A coincident index reading below 50 percent is considered a sign of economic contraction while a figure above that is viewed as a sign of expansion.

“Given that the leading index topped 50 percent for the second month . . . the coincident index exceeding 50 percent deserves close attention,” said Yoshihiko Senoo, director of the Business Statistics Department at the Cabinet Office’s Economic and Social Research Institute.

The lagging index, which gauges performance in the recent past, came to an unchanged 16.7 percent, below 50 percent for the seventh successive month.

The government expects the coincident index to remain below 50 percent in March, while the leading index could stay above the line, the senior government economist said.

“The coincident index is in a severe trend, but production-related indicators show signs that they have stopped falling,” Senoo said, adding that production-related factors usually spur an economic recovery.

“The economy may have already hit bottom, but currently there are no data providing evidence of this,” he said.

Of indicators composing the coincident index, those on industrial production and industrial shipments both swung back into positive territory for the first time in 14 months, thanks to brisk exports of electronics parts and automobiles.

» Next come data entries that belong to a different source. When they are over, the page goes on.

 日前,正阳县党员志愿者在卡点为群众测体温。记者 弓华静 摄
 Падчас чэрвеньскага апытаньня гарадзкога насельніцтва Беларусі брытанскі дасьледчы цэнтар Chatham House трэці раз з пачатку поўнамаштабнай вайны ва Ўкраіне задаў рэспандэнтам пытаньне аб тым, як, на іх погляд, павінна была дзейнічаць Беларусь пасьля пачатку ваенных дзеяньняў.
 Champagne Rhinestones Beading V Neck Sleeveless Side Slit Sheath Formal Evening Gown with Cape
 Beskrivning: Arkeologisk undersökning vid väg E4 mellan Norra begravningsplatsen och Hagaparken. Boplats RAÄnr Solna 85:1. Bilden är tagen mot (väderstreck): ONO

Overtime work hours edged up for the first positive reading in 15 months, but sales at department stores fell into negative territory for the first time in two months.

Of leading indicators, inventories of consumer goods showed positive readings for the third straight month, while stocks of industrial production goods looked strong for a second consecutive month.

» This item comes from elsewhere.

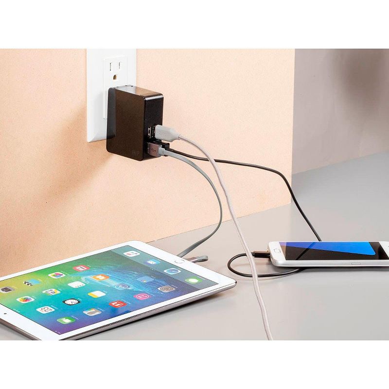 Keep all your mobile devices fully charged at home, in the office, or on the road with this 4-port USB Wall Charger. Each of the four ports is capable of delivering 2.4 amps / 12 watts of charging power, with a total maximum of 5.0 amps / 25 watts of charging power, enough for full speed charging of power hungry devices, such as the Apple iPad.

The commodity market gauge also gained for the third month, mainly due to steel products whose output cuts helped reduce inventories and strong demand for crude rubber used in making cars.

The diffusion indexes — the coincident, leading and lagging — compare the current levels of various economic indicators with their levels three months earlier.

Households buy less

Average household spending in February fell 3.8 percent in real terms from a year earlier to 274,978 yen after posting a year-on-year increase of 0.8 percent in January, the government said Friday.

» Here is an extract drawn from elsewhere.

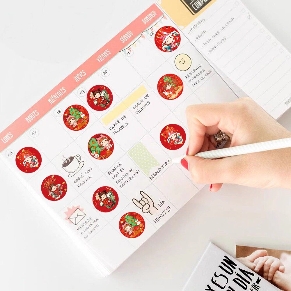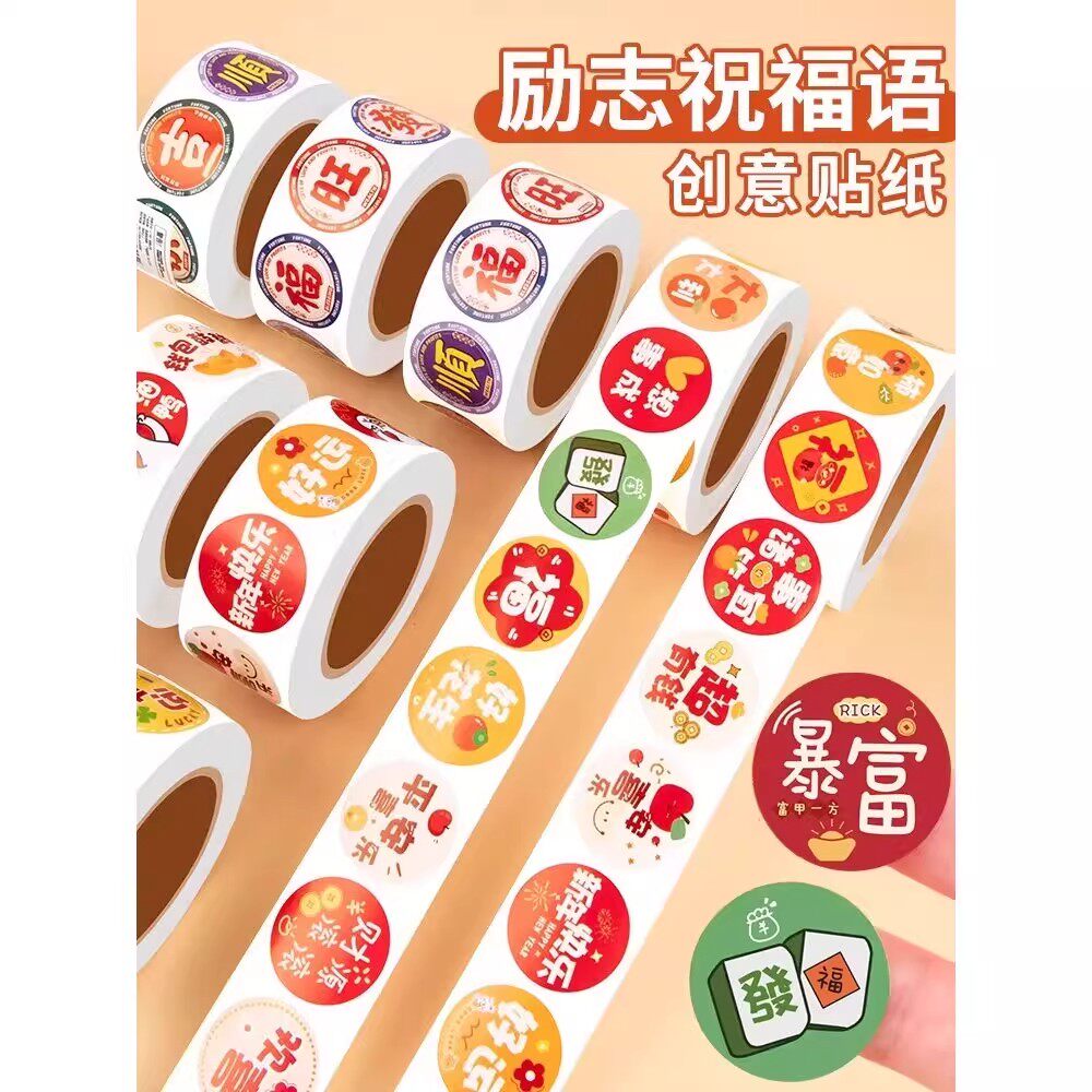 圣诞节贴纸新春新年复古港风福字标签贴卡通迷你小号圆形封口贴画

The figure also represents a seasonally adjusted decline of 3.6 percent from January, the Public Management, Home Affairs, Posts and Telecommunications Ministry said in a preliminary report.

“Household spending is still following an up-and-down pattern,” a ministry official said.

The fall in the key gauge of personal consumption reflects reduced spending in areas such as education, automobiles, clothing and household items, according to the ministry.

Spending on education, such as tuition for regular and cram schools, as well as study materials, fell 15.6 percent in real terms from a year earlier to 12,731 yen.

Outlays for transport and telecommunications, including such things as purchases of automobiles and auto parts, dipped 11.6 percent to 32,376 yen.

Expenditures on furniture and household items fell 8.4 percent to 8,256 yen, while those on clothing such as undergarments and traditional Japanese items fell 7.1 percent to 11,280 yen.

Health-care spending rose 4.1 percent to 11,228 yen, resulting from an influenza epidemic.